02:37:00  * joaocgreisquit (*.net *.split)
02:46:44  * joaocgreisjoined
06:48:22  * rmgquit (Read error: Connection reset by peer)
06:48:58  * rmgjoined
08:17:30  * dawsonmquit (Remote host closed the connection)
09:19:59  <jbergstroem>rvagg: any updates re binaries?
10:50:14  <rvagg>jbergstroem: shaving yaks
10:50:31  <rvagg>joaocgreis: node-msft-win10-5 is full, can you log in and clean it up? it's been knocked out of service by jenkins
10:51:12  <joaocgreis>rvagg: knocked by me, I'm working on it
10:51:42  <rvagg>joaocgreis: ah, ok sorry, also I just cleaned up the two 2008 machines on rackspace, one was full(ish)
10:52:29  <rvagg>jbergstroem: I've removed all of the iojs-* labels
10:55:17  <rvagg>jbergstroem: which smartos machines should I use for builds? the ones labelled smartos13-32 and smartos13-64?
10:55:28  <rvagg>or are there specific release machines there?
10:57:08  <rvagg>oh, you have iojs-joyent-smartos13.3.1-release, did you want to use this single machine for both binary types?

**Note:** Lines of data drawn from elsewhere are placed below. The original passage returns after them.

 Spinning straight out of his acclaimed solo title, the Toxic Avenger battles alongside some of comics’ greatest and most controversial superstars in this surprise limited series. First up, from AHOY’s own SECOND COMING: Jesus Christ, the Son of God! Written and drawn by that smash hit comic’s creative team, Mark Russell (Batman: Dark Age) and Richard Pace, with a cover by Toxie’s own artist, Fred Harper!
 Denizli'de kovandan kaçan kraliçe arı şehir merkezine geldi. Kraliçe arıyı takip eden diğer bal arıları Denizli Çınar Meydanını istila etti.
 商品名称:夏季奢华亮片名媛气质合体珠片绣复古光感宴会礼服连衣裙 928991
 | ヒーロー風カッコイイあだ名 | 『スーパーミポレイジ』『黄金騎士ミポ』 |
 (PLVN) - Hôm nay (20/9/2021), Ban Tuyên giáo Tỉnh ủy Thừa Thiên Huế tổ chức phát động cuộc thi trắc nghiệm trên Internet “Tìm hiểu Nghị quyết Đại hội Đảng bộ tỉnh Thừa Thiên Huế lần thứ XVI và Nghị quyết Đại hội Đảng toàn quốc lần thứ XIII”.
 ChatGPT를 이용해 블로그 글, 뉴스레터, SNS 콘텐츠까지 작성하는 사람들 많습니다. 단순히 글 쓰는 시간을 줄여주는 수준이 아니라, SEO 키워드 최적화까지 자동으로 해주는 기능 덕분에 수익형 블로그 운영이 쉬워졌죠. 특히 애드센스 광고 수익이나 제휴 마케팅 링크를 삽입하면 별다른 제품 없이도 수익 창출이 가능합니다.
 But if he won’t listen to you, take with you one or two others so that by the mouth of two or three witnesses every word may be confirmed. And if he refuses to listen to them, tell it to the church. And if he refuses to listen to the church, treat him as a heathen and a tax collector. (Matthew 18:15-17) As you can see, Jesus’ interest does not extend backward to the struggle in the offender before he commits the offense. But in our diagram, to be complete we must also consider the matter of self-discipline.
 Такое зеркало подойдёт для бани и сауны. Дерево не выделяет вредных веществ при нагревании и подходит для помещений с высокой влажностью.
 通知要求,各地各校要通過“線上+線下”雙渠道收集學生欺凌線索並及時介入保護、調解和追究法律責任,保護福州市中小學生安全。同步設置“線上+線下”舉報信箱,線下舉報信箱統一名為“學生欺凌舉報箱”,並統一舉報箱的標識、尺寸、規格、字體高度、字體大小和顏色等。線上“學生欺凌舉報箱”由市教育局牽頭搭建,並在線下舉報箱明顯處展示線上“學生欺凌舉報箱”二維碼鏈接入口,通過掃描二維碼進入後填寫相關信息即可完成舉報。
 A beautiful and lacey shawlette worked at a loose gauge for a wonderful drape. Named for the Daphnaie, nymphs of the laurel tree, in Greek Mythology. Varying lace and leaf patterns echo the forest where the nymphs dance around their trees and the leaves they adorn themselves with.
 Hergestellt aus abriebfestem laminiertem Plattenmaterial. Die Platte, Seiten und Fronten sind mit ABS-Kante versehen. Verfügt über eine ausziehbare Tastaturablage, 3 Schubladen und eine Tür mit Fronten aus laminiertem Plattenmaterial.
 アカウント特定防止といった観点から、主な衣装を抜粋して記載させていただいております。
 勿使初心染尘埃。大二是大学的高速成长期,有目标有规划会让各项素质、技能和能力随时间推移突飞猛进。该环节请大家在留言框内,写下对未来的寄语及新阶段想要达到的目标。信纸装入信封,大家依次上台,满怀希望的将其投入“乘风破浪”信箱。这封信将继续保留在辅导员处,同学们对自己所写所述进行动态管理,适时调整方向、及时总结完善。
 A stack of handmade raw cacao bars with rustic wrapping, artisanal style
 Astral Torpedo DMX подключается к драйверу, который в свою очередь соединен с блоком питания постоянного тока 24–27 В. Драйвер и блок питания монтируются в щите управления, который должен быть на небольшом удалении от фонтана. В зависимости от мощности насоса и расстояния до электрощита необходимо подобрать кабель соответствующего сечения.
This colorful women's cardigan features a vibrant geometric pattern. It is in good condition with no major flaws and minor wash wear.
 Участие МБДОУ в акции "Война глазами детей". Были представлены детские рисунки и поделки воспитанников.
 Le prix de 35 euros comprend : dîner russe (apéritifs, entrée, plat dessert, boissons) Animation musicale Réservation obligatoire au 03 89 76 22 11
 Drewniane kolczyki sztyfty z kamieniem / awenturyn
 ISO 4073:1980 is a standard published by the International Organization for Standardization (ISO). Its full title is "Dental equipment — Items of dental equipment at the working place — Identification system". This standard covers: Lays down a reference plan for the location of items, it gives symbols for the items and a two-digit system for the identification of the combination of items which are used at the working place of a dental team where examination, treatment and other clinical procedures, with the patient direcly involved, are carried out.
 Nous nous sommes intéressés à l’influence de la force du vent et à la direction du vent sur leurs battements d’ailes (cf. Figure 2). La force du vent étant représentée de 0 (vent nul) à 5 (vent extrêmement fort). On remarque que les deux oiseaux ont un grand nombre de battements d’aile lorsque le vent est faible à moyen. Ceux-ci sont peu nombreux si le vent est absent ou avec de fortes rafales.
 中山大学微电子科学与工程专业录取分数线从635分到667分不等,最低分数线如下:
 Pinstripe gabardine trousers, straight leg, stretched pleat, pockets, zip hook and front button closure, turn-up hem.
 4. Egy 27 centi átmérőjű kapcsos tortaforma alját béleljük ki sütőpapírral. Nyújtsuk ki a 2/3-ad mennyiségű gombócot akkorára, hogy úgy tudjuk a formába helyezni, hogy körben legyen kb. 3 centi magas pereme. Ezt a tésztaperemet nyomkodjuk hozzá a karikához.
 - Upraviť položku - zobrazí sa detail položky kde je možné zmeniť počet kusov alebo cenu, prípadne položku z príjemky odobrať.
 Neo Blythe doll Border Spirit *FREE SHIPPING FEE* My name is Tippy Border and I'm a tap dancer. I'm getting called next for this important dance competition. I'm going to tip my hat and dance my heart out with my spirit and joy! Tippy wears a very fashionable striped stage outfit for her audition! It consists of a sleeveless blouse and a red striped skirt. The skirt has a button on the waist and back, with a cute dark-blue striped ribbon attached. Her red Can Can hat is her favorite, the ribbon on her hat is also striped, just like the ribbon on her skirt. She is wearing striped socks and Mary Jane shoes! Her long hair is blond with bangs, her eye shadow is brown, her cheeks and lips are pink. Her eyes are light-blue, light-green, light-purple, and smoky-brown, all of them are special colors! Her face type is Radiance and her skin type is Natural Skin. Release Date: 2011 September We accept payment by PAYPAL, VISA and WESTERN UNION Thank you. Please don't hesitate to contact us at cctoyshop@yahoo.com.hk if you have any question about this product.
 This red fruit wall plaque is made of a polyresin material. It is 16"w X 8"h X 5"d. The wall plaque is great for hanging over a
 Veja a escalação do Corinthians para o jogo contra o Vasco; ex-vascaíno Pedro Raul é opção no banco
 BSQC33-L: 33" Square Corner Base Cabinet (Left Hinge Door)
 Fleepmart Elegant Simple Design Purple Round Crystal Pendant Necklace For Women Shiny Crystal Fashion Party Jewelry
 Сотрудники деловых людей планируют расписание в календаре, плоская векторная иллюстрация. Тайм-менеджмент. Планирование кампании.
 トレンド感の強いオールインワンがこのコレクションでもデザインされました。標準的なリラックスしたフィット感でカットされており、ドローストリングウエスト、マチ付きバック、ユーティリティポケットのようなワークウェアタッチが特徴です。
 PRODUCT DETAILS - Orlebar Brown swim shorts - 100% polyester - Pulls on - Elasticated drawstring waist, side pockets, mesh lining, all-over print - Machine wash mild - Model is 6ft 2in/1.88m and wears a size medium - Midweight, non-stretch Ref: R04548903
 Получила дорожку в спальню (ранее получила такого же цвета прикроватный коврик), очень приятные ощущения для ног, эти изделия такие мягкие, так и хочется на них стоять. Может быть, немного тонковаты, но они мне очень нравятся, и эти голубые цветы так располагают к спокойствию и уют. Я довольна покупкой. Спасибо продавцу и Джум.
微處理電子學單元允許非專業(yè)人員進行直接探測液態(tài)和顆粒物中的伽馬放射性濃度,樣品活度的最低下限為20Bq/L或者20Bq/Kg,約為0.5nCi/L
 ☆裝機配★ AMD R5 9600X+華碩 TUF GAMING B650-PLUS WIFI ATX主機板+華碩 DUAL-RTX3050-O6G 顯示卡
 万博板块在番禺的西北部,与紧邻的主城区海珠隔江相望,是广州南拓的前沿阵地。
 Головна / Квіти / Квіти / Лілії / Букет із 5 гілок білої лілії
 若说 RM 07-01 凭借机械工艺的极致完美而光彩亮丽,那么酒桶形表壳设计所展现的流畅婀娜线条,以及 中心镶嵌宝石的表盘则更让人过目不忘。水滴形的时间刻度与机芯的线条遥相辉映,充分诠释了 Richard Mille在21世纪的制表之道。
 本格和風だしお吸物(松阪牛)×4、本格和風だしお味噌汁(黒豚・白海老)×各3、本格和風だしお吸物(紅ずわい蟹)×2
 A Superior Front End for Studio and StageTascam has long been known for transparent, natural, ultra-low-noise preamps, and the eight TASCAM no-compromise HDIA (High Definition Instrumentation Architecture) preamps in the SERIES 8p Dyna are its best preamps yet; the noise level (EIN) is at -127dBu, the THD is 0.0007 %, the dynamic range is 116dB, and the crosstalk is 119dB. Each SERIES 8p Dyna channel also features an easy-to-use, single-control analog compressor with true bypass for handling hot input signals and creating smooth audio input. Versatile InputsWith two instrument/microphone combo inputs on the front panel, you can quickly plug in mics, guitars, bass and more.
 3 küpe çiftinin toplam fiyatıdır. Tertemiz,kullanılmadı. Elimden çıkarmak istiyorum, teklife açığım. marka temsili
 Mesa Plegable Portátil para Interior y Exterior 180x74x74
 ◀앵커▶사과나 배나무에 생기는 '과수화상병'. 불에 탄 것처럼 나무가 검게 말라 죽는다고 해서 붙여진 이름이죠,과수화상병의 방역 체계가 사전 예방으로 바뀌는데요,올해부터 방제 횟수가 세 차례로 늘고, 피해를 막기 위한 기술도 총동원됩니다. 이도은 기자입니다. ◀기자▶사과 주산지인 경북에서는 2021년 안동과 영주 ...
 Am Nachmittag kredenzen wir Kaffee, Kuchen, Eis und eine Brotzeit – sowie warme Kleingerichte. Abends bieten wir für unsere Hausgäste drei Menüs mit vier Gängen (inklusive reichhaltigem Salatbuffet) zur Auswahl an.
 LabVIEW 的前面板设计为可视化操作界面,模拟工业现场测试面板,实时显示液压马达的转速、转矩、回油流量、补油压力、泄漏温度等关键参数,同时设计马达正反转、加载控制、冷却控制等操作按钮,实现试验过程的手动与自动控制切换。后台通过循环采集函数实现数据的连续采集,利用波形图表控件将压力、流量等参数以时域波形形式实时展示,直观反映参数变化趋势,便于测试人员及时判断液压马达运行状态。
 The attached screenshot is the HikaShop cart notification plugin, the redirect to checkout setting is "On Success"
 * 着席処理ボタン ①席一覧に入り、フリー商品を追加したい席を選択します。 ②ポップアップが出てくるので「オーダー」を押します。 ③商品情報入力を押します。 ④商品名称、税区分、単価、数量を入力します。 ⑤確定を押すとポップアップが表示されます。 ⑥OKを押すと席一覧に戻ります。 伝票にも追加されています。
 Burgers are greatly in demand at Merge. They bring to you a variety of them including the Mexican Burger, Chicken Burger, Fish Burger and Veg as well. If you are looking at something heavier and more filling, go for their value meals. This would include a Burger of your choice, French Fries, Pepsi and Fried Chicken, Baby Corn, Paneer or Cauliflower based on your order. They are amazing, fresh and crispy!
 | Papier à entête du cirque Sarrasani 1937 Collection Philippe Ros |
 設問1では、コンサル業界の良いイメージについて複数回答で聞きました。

11:13:32  <rvagg>had to add a `mkdir -p ${HOME}/node-icu` to the jenkins job, I don't know the ip addresses of the new centos or smartos machines to do it manually, but that's ok
11:13:38  <rvagg>https://ci.nodejs.org/job/iojs+release/263/
11:14:08  <rvagg>https://nodejs.org/download/nightly/v5.0.1-nightly2015111347f3735e88/
11:24:20  <rvagg>oh for goodness sake ... centos5-64
11:24:25  <rvagg>Slave went offline during the build
11:24:25  <rvagg>ERROR: Connection was broken: java.io.EOFException
11:24:26  <jbergstroem>rvagg: for test, yep -- use smartos-32/64. i will reprovision them soon. the smartos13.3.1 release is gcc47 to be used for 0.12.
11:24:42  <jbergstroem>sigh
11:24:52  <jbergstroem>thats a jenkins bug for sure
11:28:56  <rvagg>joaocgreis: can you have a look at https://ci.nodejs.org/job/node-test-commit/1107/ please? both fanned jobs are broken, or are you working on these?
11:29:35  <rvagg>hm, also, only windows and arm are being tested in node-test-commit, what's with that?
11:30:05  <rvagg>our jenkins config is getting way too complicated
11:33:54  <rvagg>jbergstroem: https://ci.nodejs.org/job/iojs+release/263/nodes=smartos13-release/console ok so I can't use this for > 0.12, should I still be using the previous smartos slaves for that?
11:34:12  <joaocgreis>rvagg: looking at it
11:34:14  <rvagg>can you update me on what the plan is for smartos slaves and how they are supposed to be used? I'm a little confused
11:36:14  <jbergstroem>rvagg: i created smartos13.3.1-release since we didn't have a reproducible way to create 0.12 releases; especially now that the one that old nodejs used to bake theirs with. after that i created a new release machine for smartos called nodejs-release-joyent-smartos153-64-1. this is intended to be used for newer (gcc4.8+ releases). i'm happy to try that for 0.12 too but not sure what will break. i will soon retire our oldest smartos test slaves and
11:36:14  <jbergstroem> replace them with newer ones based on gcc 4.8
11:36:57  <joaocgreis>Job status: [node-compile-windows] subjob has no changes since last build.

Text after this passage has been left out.